(Description of the task): Keep only the lines of the data below that contain "displayed", and copy them.

(Given records)

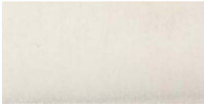
Satin Nickel PVD
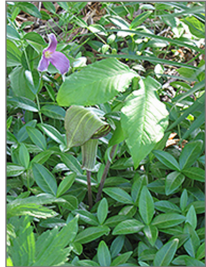
Hybrid Jack-In-The-Pulpit foliage

Hybrid Jack-In-The-Pulpit will grow to be about 8 inches tall at maturity extending to 16 inches tall with the flowers, with a spread of 12 inches. It grows at a slow rate, and under ideal conditions can be expected to live for approximately 5 years. As an herbaceous perennial, this plant will usually die back to the crown each winter, and will regrow from the base each spring. Be careful not to disturb the crown in late winter when it may not be readily seen!
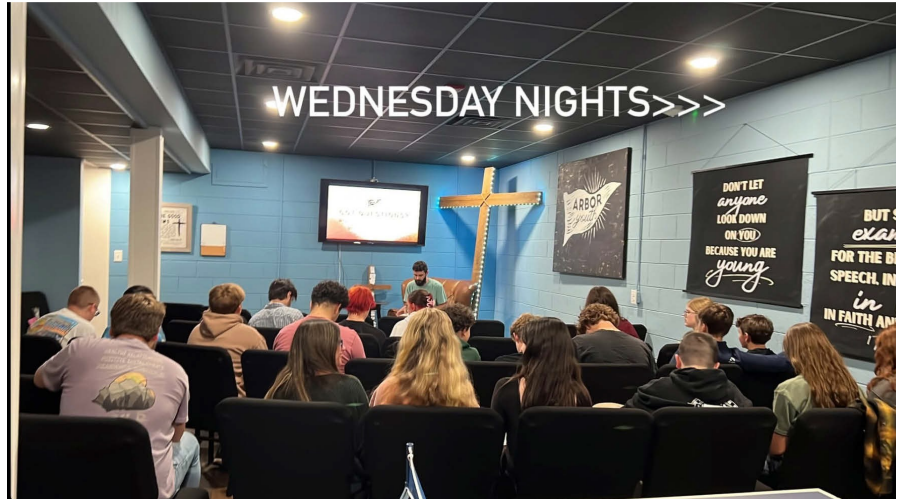
Our ARBOR YOUTH class on a Wednesday Night!
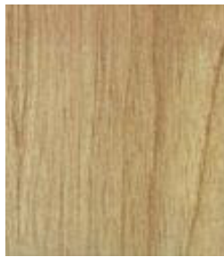
Butternut White Walnut
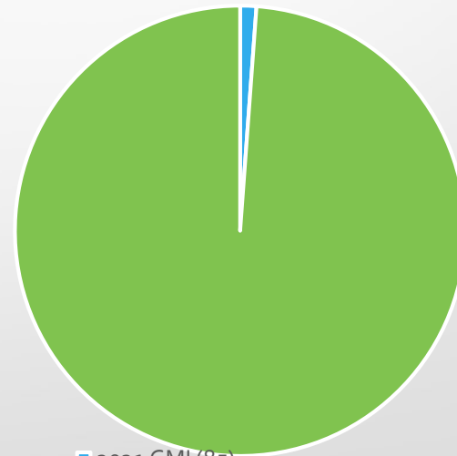
2021 YTD GMI
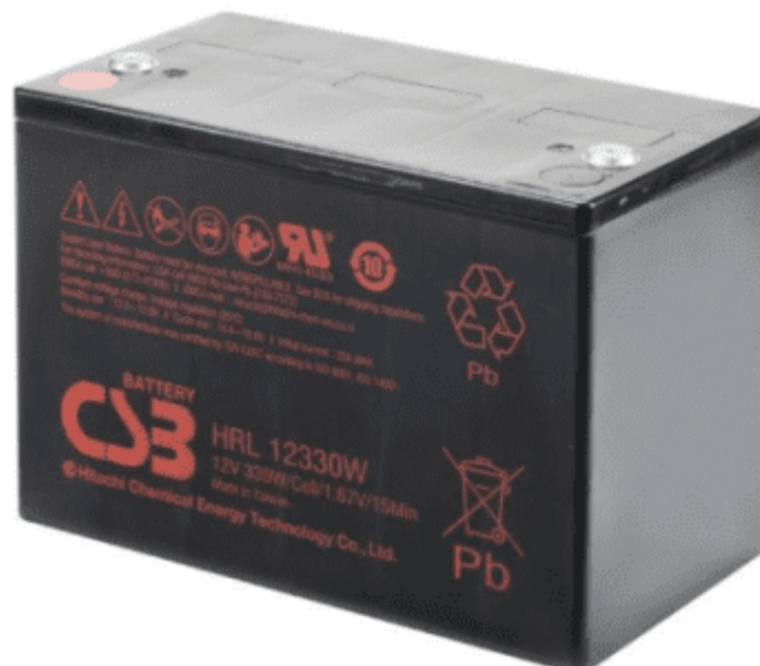
Figure2: UPS Battery
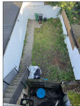
Photographs towards rear boundary wall
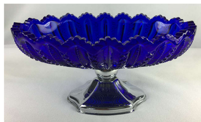
Duncan & Miller #42 – Mardi Gras footed pickle dish
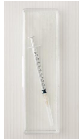
Any syringe found outside its plastic safety box is considered illegal. Hindelbank Prison, Switzerland.

Prison needle exchanges continue to operate without incident in the seven prisons identified above. Some of these have adapted their programs based upon experience gained over several years. Hindelbank, for example, will now provide prisoners participating in the program with up to five additional "points" (needles) to attach to the main body of the syringe. This is to accommodate people who inject drugs and who may have trouble injecting due to difficulty finding veins. In such cases, the user may need to make several attempts to inject. With additional "points," the prisoner need not reuse a needle that gets duller with each attempted injection. This practice has not resulted in any security prob-
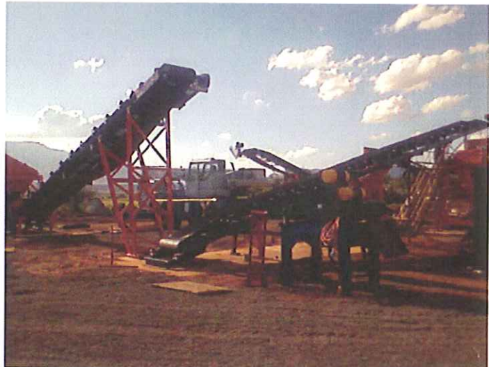
Waste licence required: Waste processing - screening & separation
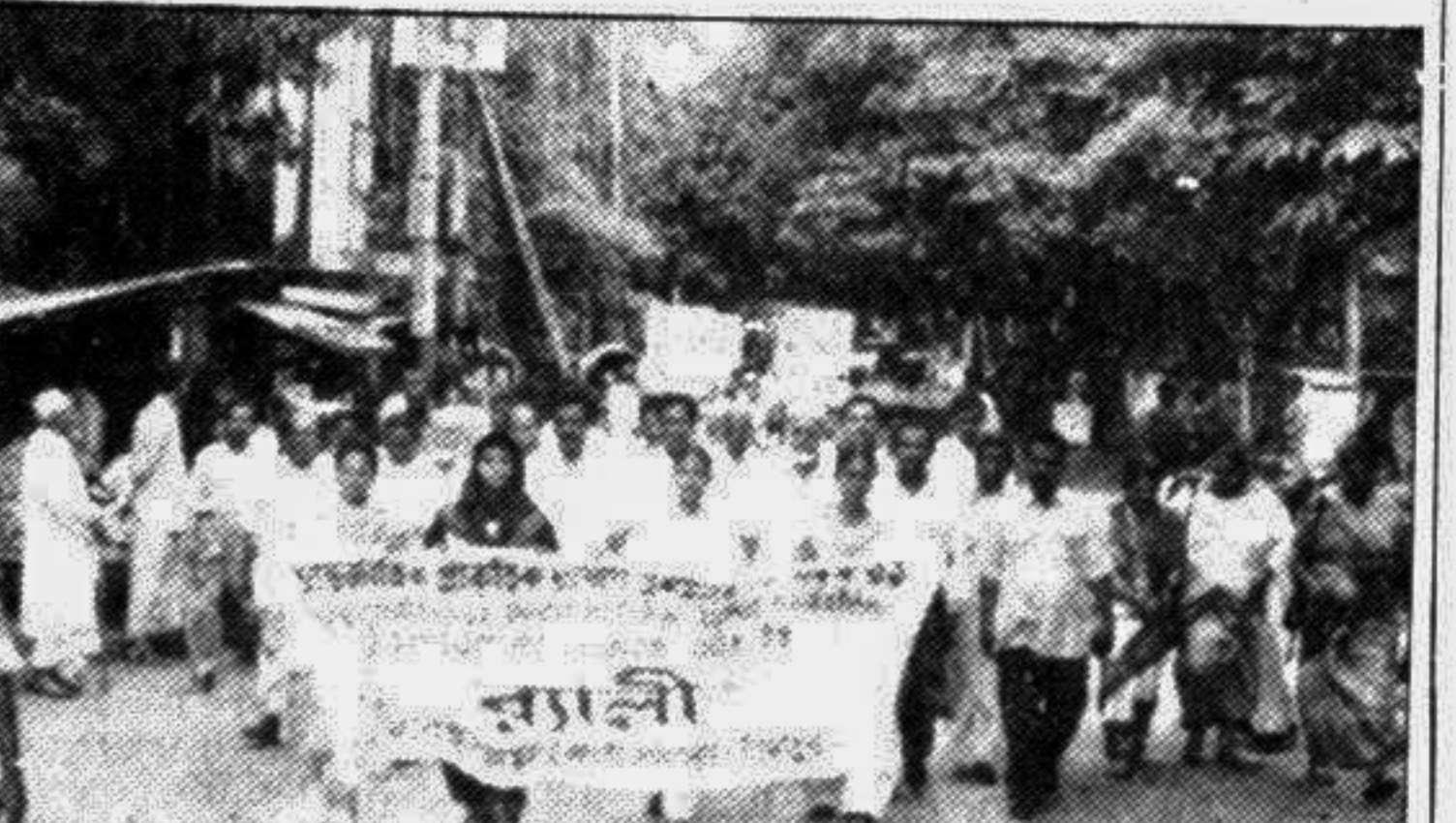
A colourful rally was brought out in Chandpur town recently on the occasion of International Decade for Natural Disaster Reduction.
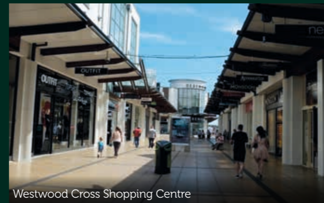
Westwood Cross Shopping Centre

This attractive selection of 2, 3 and 4 bedroom homes is perfectly positioned to provide the best of the countryside and the coastline, with all the modern comforts nearby.
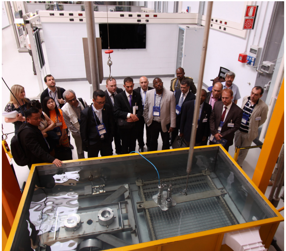
NFP meeting participants visiting the SiLab in JRC Ispra, Italy.
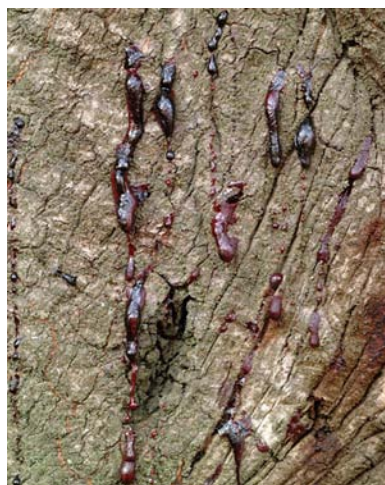
Photo 6 (right). Bleeding cankers on a tanoak trunk.
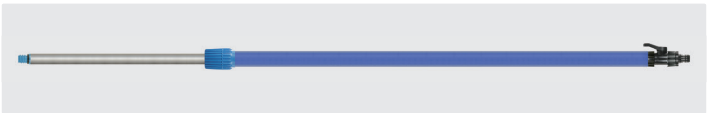
Telescopic lances with coarse thread. Telescopic handle with water flow
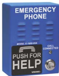
E-1600-65A Emergency Blue
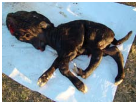
Fig. 2: Calf displaying hydrocephalus

Steffen says. “This allowed Dr. Beever and I to characterize the phenotype, identify the gene and to develop a test.”
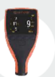
ELCOMETER UK COATING THICKNESS GAUGE

Non-destructive testing has seen huge innovations in the last 3 decades. Inspection equipment for coatings & metal industry now offers a plethora of solutions for inspections at various construction sites, industrial plants, labs as well as to coating service providers. Similarly in the metal & rubber industry a range of NDT equipment is available for measuring metal hardness, thickness, flaws, profiles, films, cracks, etc.
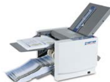
Folding machine TF Mega-S
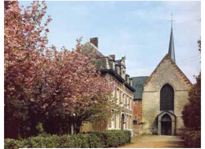
Premonstratensian Abbey, Chapel of the Holy Blood
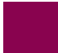
5 - bordeaux
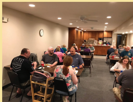
Centennial Lodge #326 welcomes a good crowd for the fish fry friendship night this past June

Now let's be honest here. We know that Freemasonry will never have the membership resurgence as we did in the 1950s. Membership will always be a
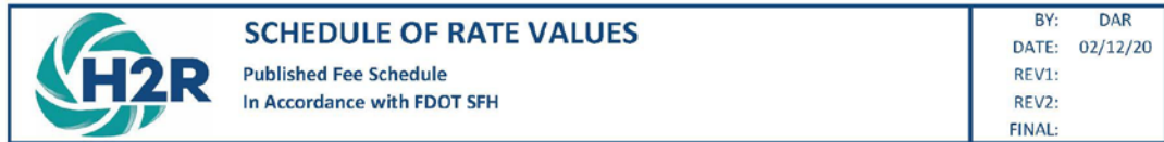
Exhibit A – Schedule of Rate Values Subconsultant: H2R Corp
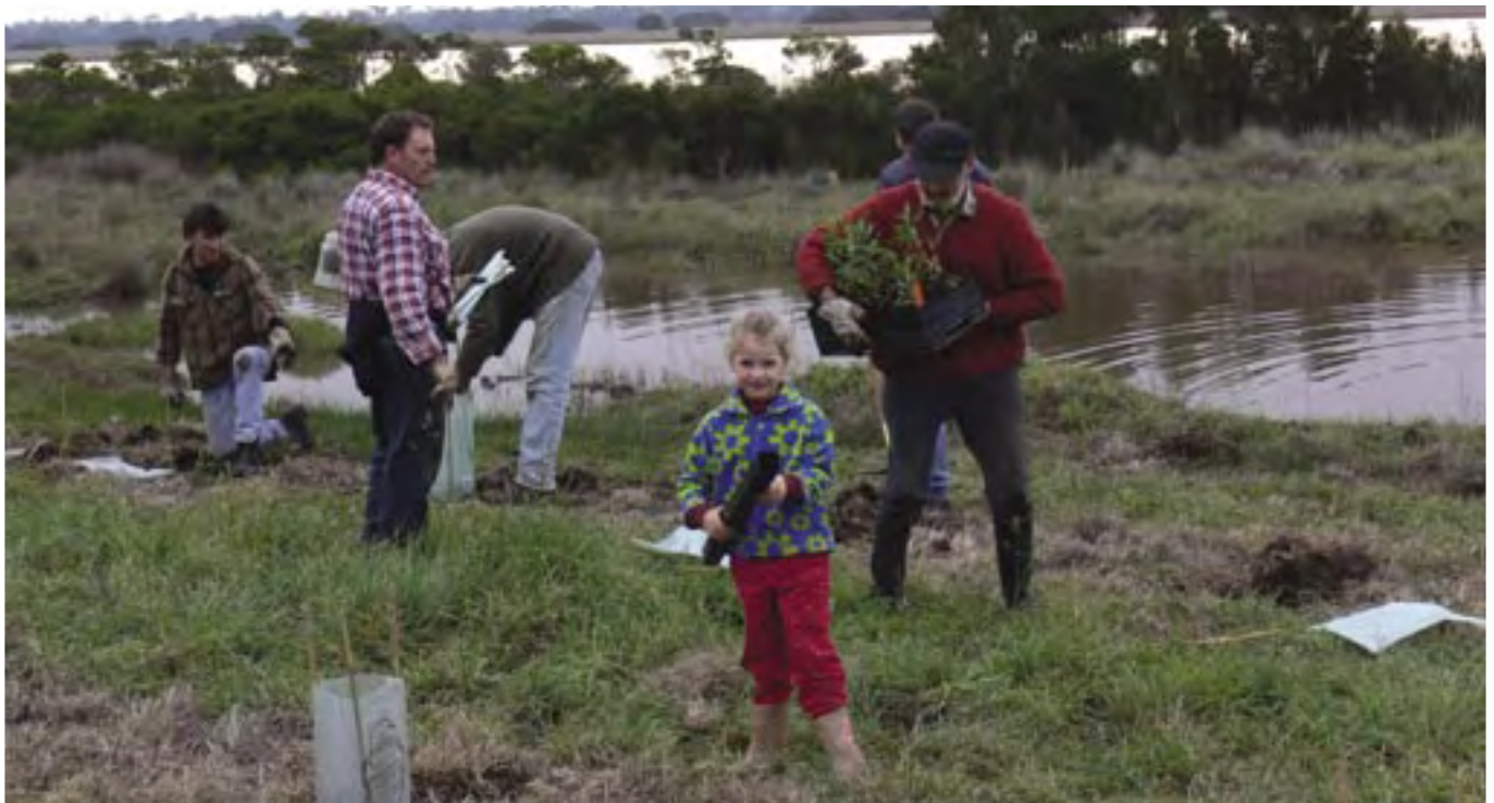
A group of deerhunters plant trees at Clydebank Morass.

Go to www.dpi.vic.gov.au/vro and www.dpi.vic.gov.au/vro/soilhealth .
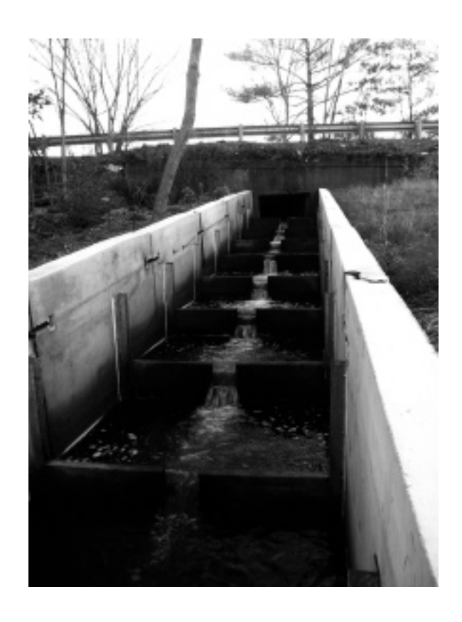
by: Chad Conway
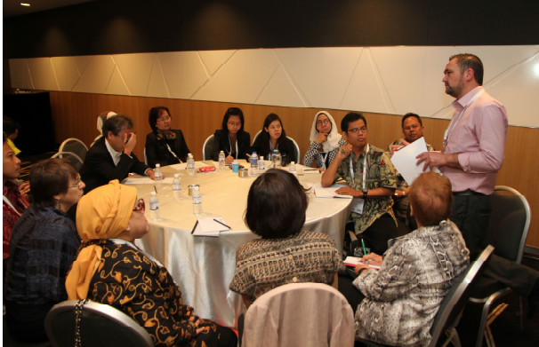
GLS Session at WLIC 2013 in progress

We had redesigned and printed our leaflet. It now includes current GLS standing committee members and a variety of new information about IFLA and GLS as well as pictures, etc. You can see the latest leaflet at this link:
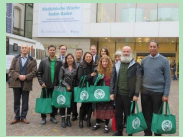
Here's part of the group gathering outside the Medicine Week Congress House

Visit and participate in the famous Baden-Baden Medicine Week Congress
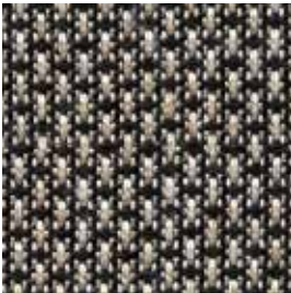
URBAN MILD 2118 300 NEW
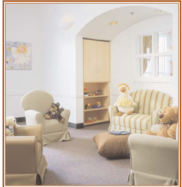
Serenity Cottage, Polinsky's new nursery, offers a peaceful haven for unsettled youngsters.

Construction began in January 2004 and was coordinated by the County's Department of General Services. The County operates the Polinsky Children's Center to provide emergency shelter care for abused, neglected and abandoned children.
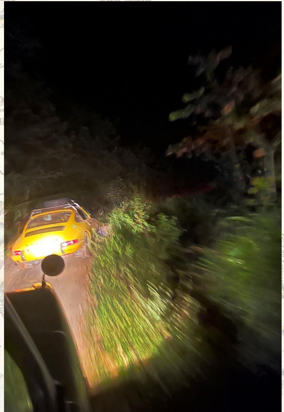
No night rides. Exceptions confirm the rule.

Please ask us about the restaurants, we will be happy to pass on our experience to you.
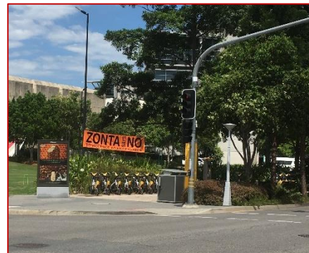
Our Banner displayed at South Brisbane TAFE

We also had our Zonta Says No Banner and two “orange women” displayed at South Brisbane TAFE during the 16 Days of Activism
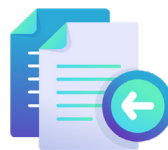
Bulk file imports

(End Given records)

(Task response):
Our Banner displayed at South Brisbane TAFE
We also had our Zonta Says No Banner and two “orange women” displayed at South Brisbane TAFE during the 16 Days of Activism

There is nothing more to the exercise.